● WORK INSTRUCTION: The material below holds pictures, which are to be left out; copy exactly the lines from the one with "แก้วเขาสัตว์ขัดเงาแท้จากวัสดุออร์แกนิก สำหรับเบียร์ ไวน์" through the one with "另外,國家每年公布的不良反應".

● DATA EXCERPTS:
···
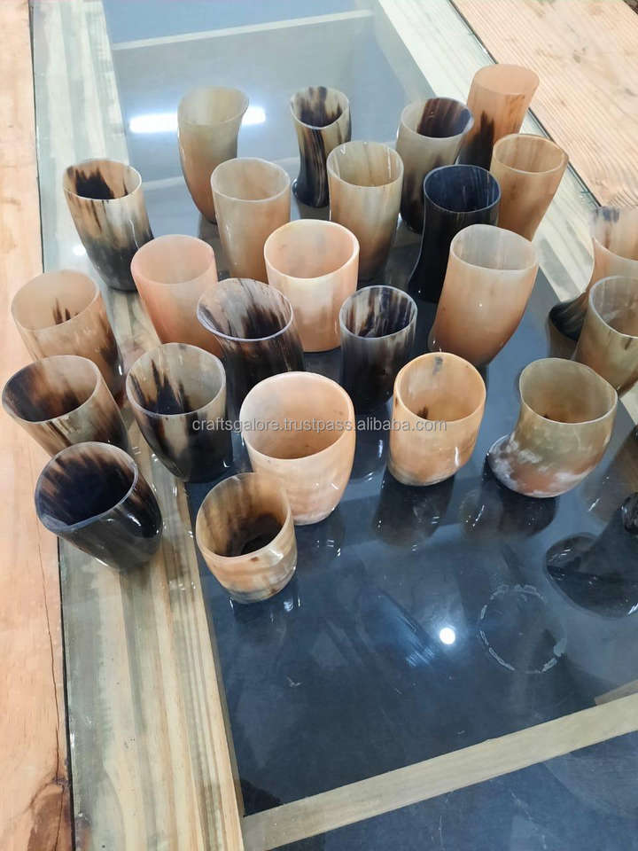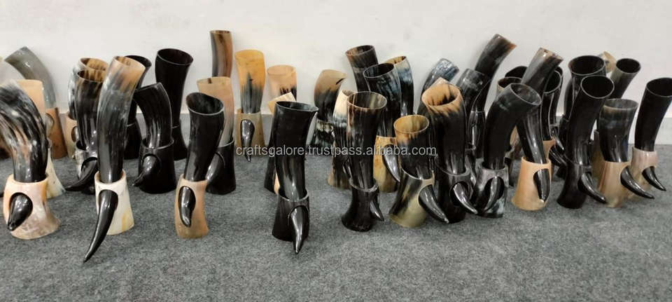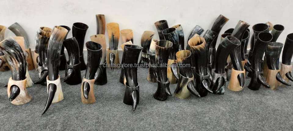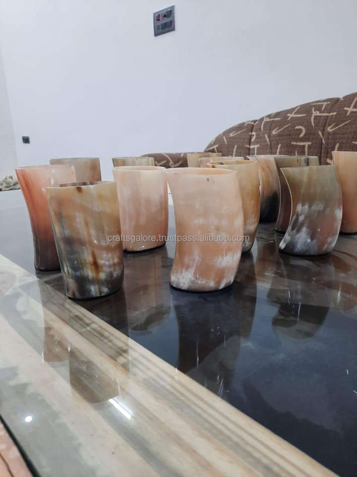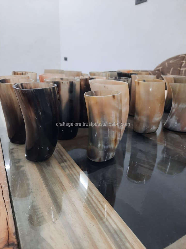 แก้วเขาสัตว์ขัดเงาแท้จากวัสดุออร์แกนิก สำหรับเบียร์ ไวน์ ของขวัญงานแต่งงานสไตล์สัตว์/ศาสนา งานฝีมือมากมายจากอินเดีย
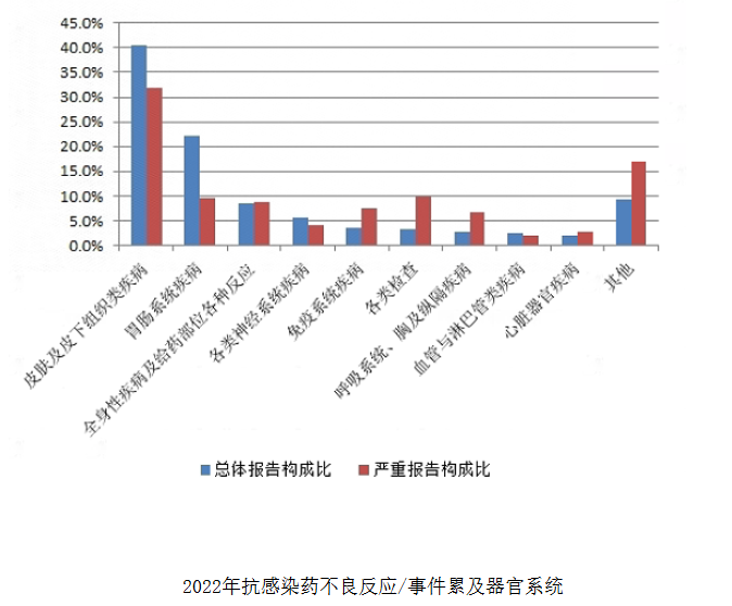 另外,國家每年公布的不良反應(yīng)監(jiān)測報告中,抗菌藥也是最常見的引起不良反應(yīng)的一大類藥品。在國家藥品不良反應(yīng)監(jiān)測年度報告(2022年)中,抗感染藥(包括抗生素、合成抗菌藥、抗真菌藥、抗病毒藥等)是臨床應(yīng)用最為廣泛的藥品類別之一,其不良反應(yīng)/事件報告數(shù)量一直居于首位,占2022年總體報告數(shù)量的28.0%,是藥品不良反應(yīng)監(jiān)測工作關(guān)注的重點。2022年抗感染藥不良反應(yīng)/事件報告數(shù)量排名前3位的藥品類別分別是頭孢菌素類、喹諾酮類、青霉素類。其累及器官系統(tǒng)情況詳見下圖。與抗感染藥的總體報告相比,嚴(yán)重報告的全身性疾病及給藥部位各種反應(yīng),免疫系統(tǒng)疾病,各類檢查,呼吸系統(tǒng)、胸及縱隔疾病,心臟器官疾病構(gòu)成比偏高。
···
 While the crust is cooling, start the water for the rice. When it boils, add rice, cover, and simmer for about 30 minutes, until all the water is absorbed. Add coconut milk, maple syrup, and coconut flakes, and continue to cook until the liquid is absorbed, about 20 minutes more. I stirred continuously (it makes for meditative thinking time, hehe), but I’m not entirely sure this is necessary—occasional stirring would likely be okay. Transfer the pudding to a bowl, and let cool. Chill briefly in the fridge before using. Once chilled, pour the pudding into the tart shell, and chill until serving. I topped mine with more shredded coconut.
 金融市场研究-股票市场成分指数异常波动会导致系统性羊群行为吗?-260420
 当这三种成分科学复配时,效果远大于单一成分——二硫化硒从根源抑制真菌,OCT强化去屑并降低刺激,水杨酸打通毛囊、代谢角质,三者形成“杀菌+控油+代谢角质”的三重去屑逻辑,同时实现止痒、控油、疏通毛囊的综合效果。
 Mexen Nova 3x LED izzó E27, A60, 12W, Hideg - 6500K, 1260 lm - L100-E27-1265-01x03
···
● SOLUTION TO THE EXERCISE:
 แก้วเขาสัตว์ขัดเงาแท้จากวัสดุออร์แกนิก สำหรับเบียร์ ไวน์ ของขวัญงานแต่งงานสไตล์สัตว์/ศาสนา งานฝีมือมากมายจากอินเดีย
 另外,國家每年公布的不良反應(yīng)監(jiān)測報告中,抗菌藥也是最常見的引起不良反應(yīng)的一大類藥品。在國家藥品不良反應(yīng)監(jiān)測年度報告(2022年)中,抗感染藥(包括抗生素、合成抗菌藥、抗真菌藥、抗病毒藥等)是臨床應(yīng)用最為廣泛的藥品類別之一,其不良反應(yīng)/事件報告數(shù)量一直居于首位,占2022年總體報告數(shù)量的28.0%,是藥品不良反應(yīng)監(jiān)測工作關(guān)注的重點。2022年抗感染藥不良反應(yīng)/事件報告數(shù)量排名前3位的藥品類別分別是頭孢菌素類、喹諾酮類、青霉素類。其累及器官系統(tǒng)情況詳見下圖。與抗感染藥的總體報告相比,嚴(yán)重報告的全身性疾病及給藥部位各種反應(yīng),免疫系統(tǒng)疾病,各類檢查,呼吸系統(tǒng)、胸及縱隔疾病,心臟器官疾病構(gòu)成比偏高。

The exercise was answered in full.